» What the task requires
Leave the pictures in the listing below aside and reproduce exactly the lines starting with the one with "[테크노스]TECHNOS T4323IM 오리지날" and going on through the one with "Collecting Dutch Golden", both ends included.

» Records to process
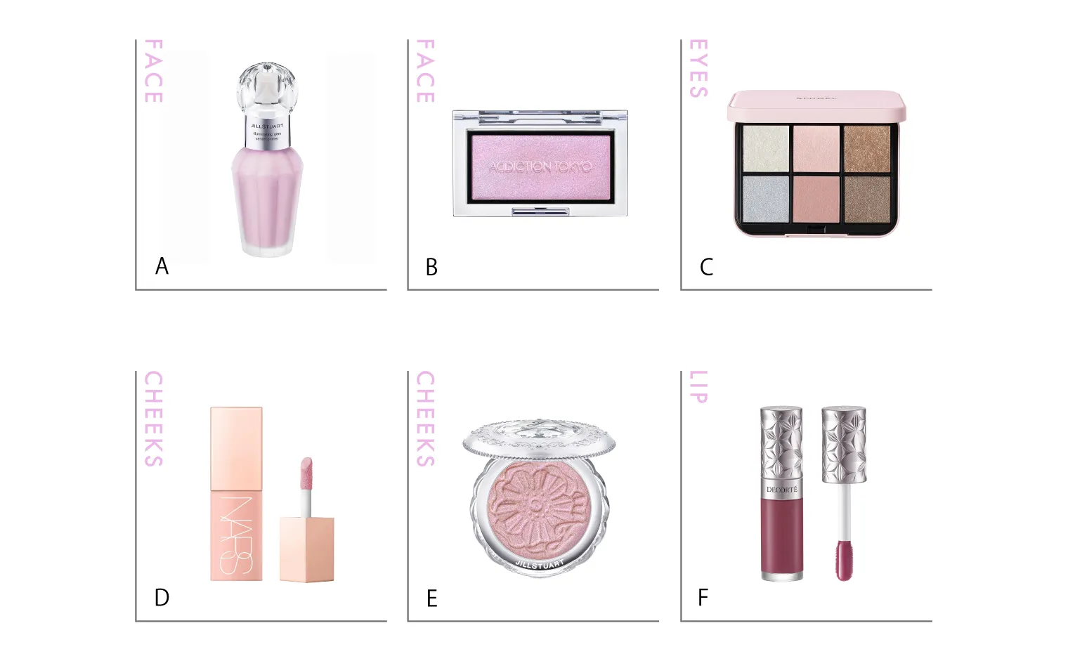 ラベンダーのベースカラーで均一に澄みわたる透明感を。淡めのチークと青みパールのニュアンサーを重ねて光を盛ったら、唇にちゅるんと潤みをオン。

==

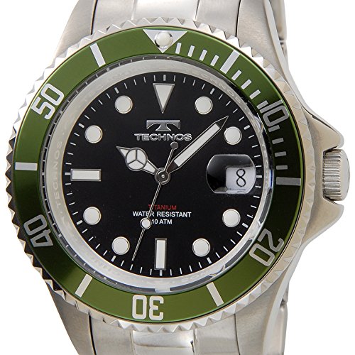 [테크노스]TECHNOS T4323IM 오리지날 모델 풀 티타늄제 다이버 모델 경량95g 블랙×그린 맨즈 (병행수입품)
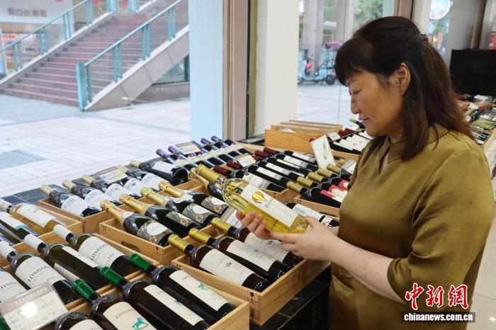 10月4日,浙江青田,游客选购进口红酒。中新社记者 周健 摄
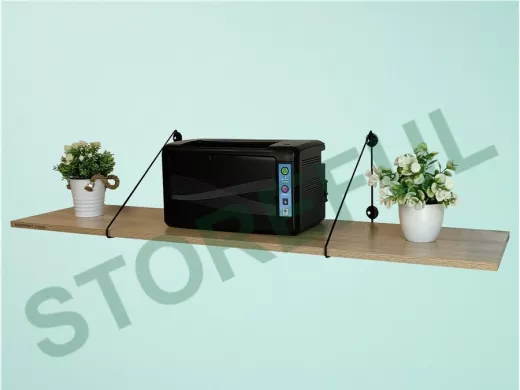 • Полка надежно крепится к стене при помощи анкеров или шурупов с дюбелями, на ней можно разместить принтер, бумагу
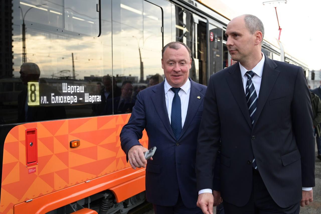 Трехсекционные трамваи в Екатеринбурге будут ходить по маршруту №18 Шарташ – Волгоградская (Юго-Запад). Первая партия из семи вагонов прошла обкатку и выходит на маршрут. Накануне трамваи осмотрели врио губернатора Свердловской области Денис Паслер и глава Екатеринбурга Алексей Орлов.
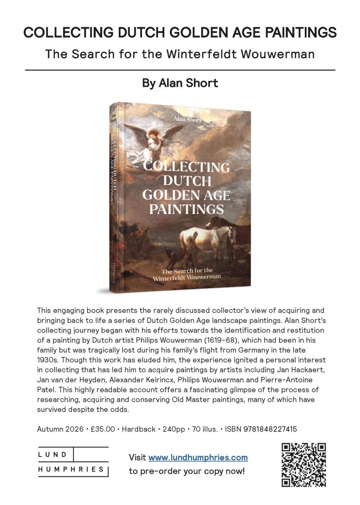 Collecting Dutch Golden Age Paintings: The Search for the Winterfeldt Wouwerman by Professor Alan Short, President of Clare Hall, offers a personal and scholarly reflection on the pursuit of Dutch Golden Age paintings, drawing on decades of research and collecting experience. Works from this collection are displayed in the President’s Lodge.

» Your solution
 [테크노스]TECHNOS T4323IM 오리지날 모델 풀 티타늄제 다이버 모델 경량95g 블랙×그린 맨즈 (병행수입품)
 10月4日,浙江青田,游客选购进口红酒。中新社记者 周健 摄
 • Полка надежно крепится к стене при помощи анкеров или шурупов с дюбелями, на ней можно разместить принтер, бумагу
 Трехсекционные трамваи в Екатеринбурге будут ходить по маршруту №18 Шарташ – Волгоградская (Юго-Запад). Первая партия из семи вагонов прошла обкатку и выходит на маршрут. Накануне трамваи осмотрели врио губернатора Свердловской области Денис Паслер и глава Екатеринбурга Алексей Орлов.
 Collecting Dutch Golden Age Paintings: The Search for the Winterfeldt Wouwerman by Professor Alan Short, President of Clare Hall, offers a personal and scholarly reflection on the pursuit of Dutch Golden Age paintings, drawing on decades of research and collecting experience. Works from this collection are displayed in the President’s Lodge.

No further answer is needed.